Given a function $f(t,s)$, compute $\max_{t_2\in [0,1]}\min_{t_1\in [0,1]} |f(t_1,s_1)-f(t_2,s_2)|$

Question

Given a continuous and bounded function $f(t,s)$, $t,s\in[0,1]$, I would like to compute $$\max_{t_2\in [0,1]}\min_{t_1\in [0,1]} |f(t_1,s_1)-f(t_2,s_2)|,$$ for each numeric values of $s_1$ and $s_2$. I tried by combining NMaxValue and NMinValue but the time is prohibitively large.
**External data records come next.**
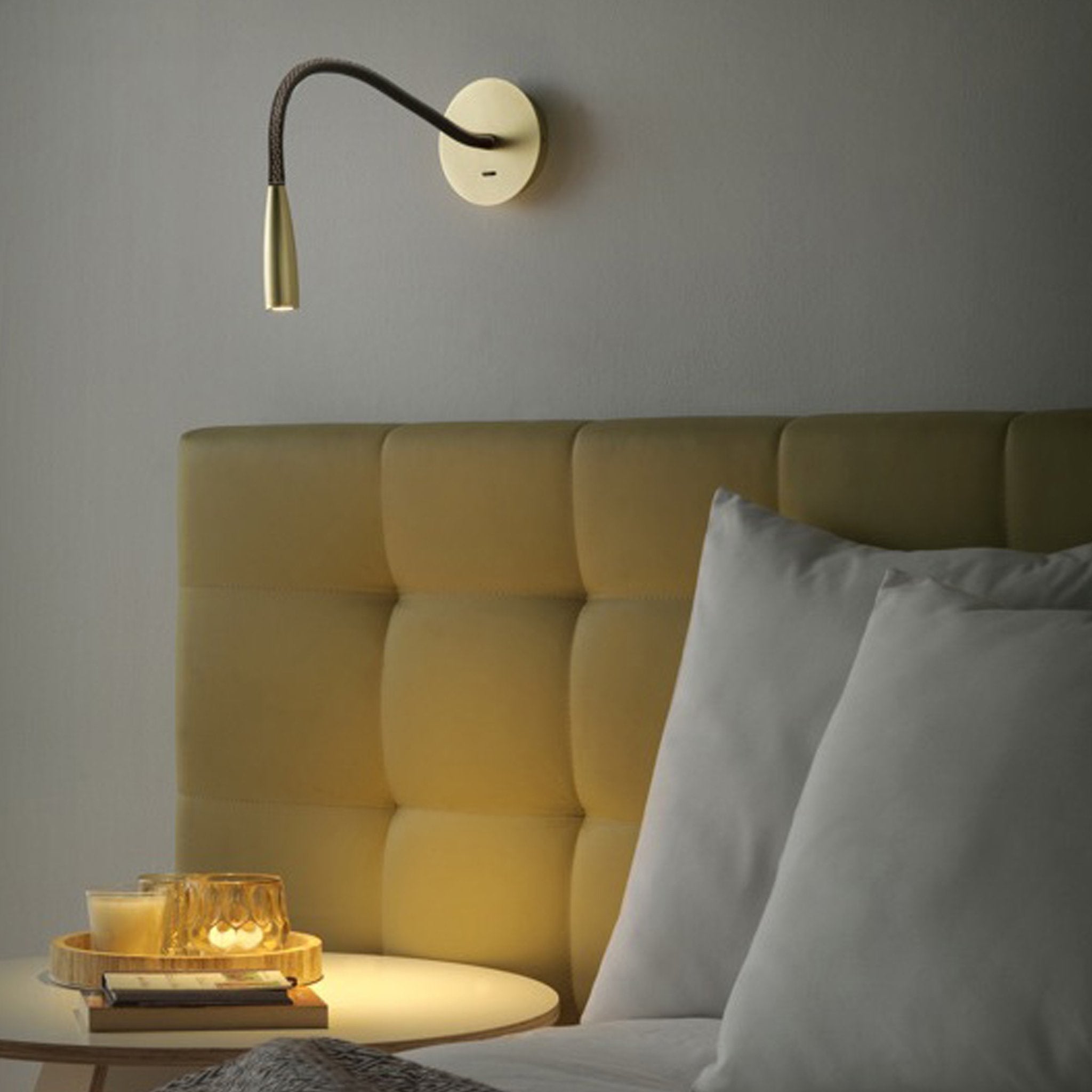 O candeeiro de parede Rije é caracterizado pelo seu ajustável braço. Este candeeiro com acabamento dourado assume um estilo MINIMAL e BURLESQUE. É a iluminação perfeita para colocar junto a uma cama como luz de leitura.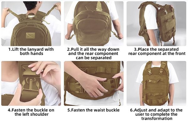 This dual-use vest tactical backpack can be used as both a backpack and a vest, and equipped with MOLLE Module. Ideal for outdoor adventures or daily use, this compact yet spacious backpack ensures comfort, style, and functionality.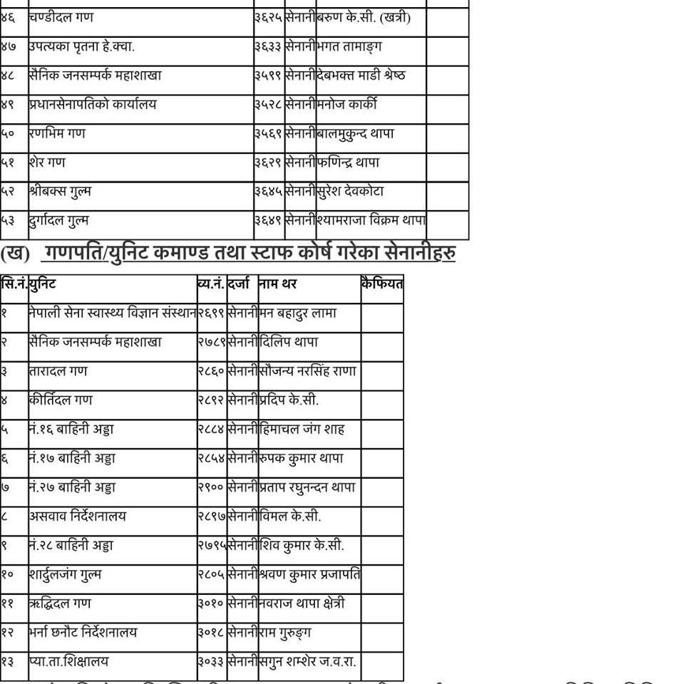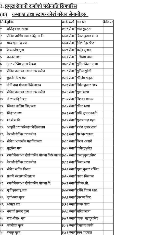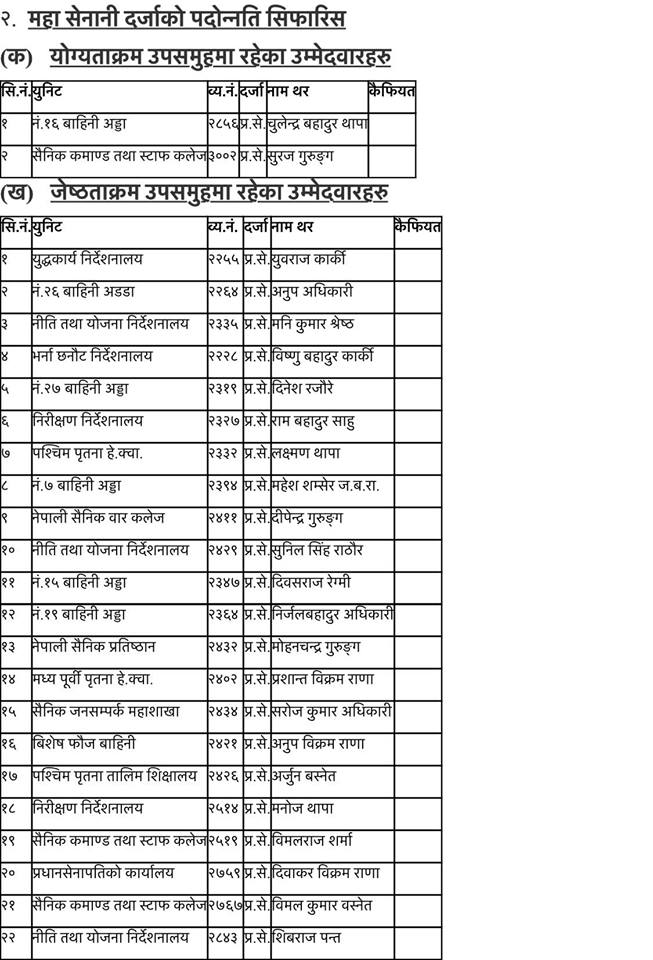 महासेनानीमा बढुवा सिफारीस हुनेमा प्रमुख सेनानीहरु चुलेन्द्र बहादुर थापा,सुरुज गुरुंग, युवराज कार्की र अनुप अधिकारीलगायत छन् । महासेनानी र प्रमुख सेनानीमा बढुवा सिफारीस भएकाहरुलाई २०७७ सालमा रिक्त हुन आउने पदअनुसार बढुवा गर्ने सेनाको तयारी छ ।

I read on the Internet that this distance is sometimes referred to as Fréchet or Hausdorff distance. Is there a built-in function in Mathematica that solves this max-min problem (something like NMaxMinValue)? Or which would be the correct algorithm to proceed with?

Answer 1

(This is example)
There is No Built-in,Documented Function for Hausdorff distance.
Anyway,my code is the following:

f[t_, s_] := Cos[t]*Cos[s];
domain = Range[0, 1, 0.01];
Do[
  Do[
    funvalue[i, j] = f[i, j];
    ,
    {i, domain}];
  , {j, domain}];

AbsoluteTiming[
 data = Outer[
   With[{s1 = #1, s2 = #2},
     Max[
      MapThread[
       With[{x = #},
         Min[
          MapThread[
           (Abs[funvalue[x, s1] - funvalue[#, s2]]) &
           , {domain}]
          ]
         ] &,
       {domain}]
      ]
     ] &,
   domain, domain];

 ArrayPlot[data]]